NPR explica: Los empleadores dicen que el gran salto en las aplicaciones H-2A se debe en parte a que la escasez de trabajadores está empeorando. Pero también se debe a que los agricultores que contratan a muchos trabajadores, y los propios trabajadores, están preocupados por la aplicación más estricta de las leyes de inmigración por parte de la administración Trump. Muchos trabajadores agrícolas que viven en los Estados Unidos son ciudadanos de México o de países de América Central y no tienen autorización legal para estar en este país.
El artículo de Capital Press explicaba: “Tenemos una escasez continua de mano de obra y en algún momento llegará a una pendiente más pronunciada porque los trabajadores están envejeciendo y el H-2A es el único reemplazo”, dijo Gasperini.
ECONorthwest de Portland, Oregon realizó un análisis del impacto económico de los trabajadores invitados en el estado de Washington para wafla, e informó:
El sector agrícola en Washington ha pasado por una disminución en la oferta de mano de obra doméstica disponible en los últimos años. El trabajo agrícola tradicional se está “agotando” (retirándose), pocos de la próxima generación buscan empleo en la agricultura, y muchos ex trabajadores agrícolas se han asimilado a otros sectores de la economía.
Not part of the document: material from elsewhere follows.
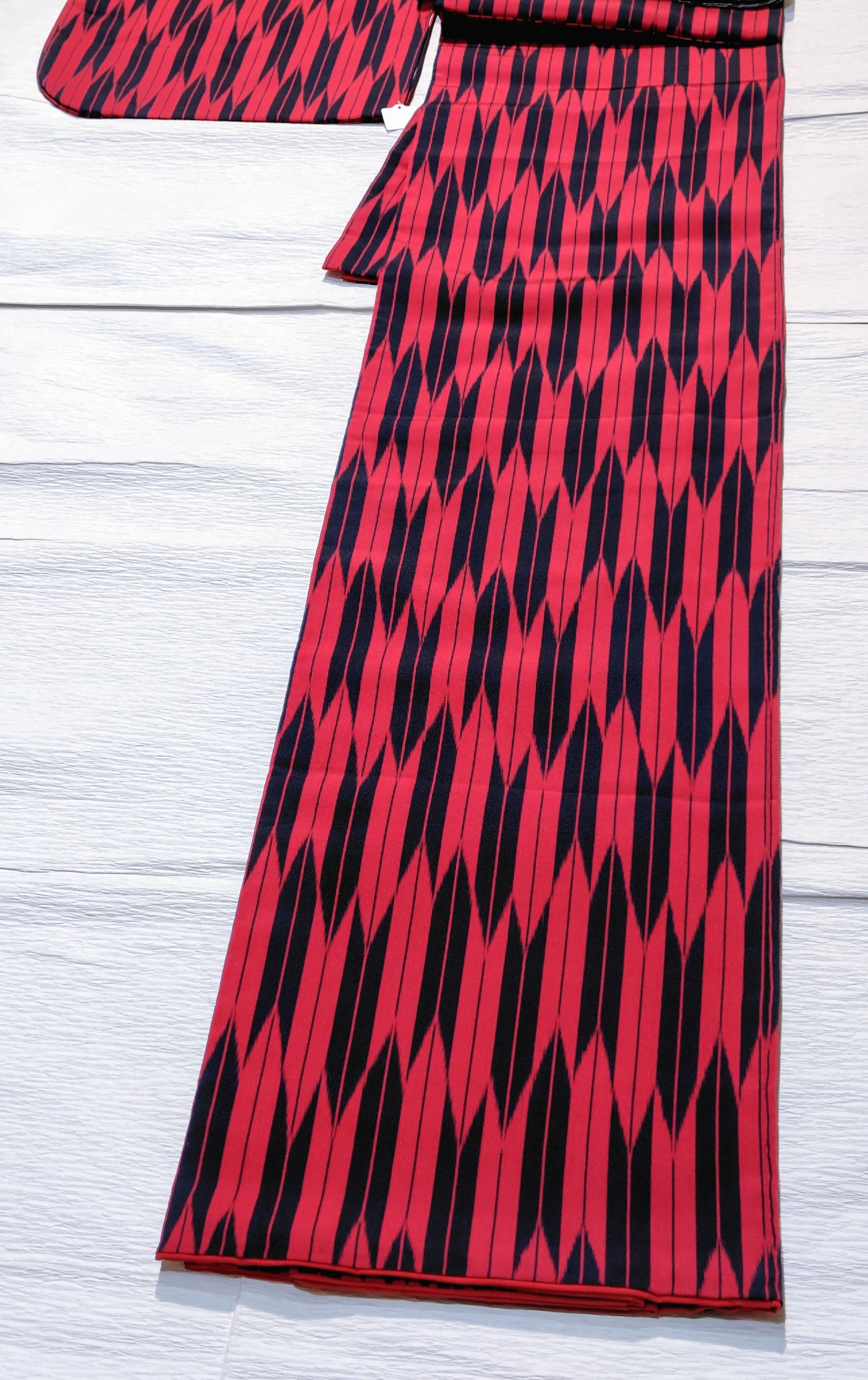矢絣のお召 赤色×紺色

La aplicación de la ley fronteriza y el largo proceso de obtención de la autorización de trabajo ha desalentado a muchos de buscar trabajo agrícola en los Estados Unidos.
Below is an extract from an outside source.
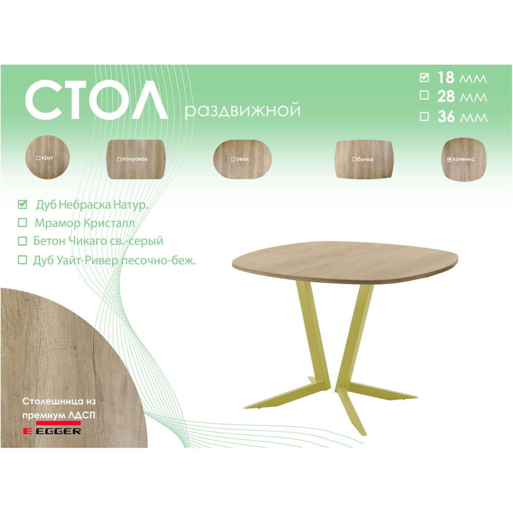 Тип столаобеденный стол | Форма поставкив разобранном виде | Форма столешницыканвикс |

Esto ha resultado en un mayor uso del programa H-2A para asegurar que haya una cantidad adecuada de trabajadores disponibles para atender y cosechar cultivos. Esto es especialmente cierto en los cultivos de frutas con uso intensivo de mano de obra, donde el empleo no H-2A ha disminuido en un 7 por ciento desde 2010. Desde entonces, la dependencia del programa H-2A ha aumentado a medida que los productores buscan llenar la escasez de mano de obra.
Las granjas de bayas son los que mas usan el programa de trabajadores invitados con alrededor de 21,000 trabajadores invitados que participan en la cosecha de bayas en 2017, según Capital Press.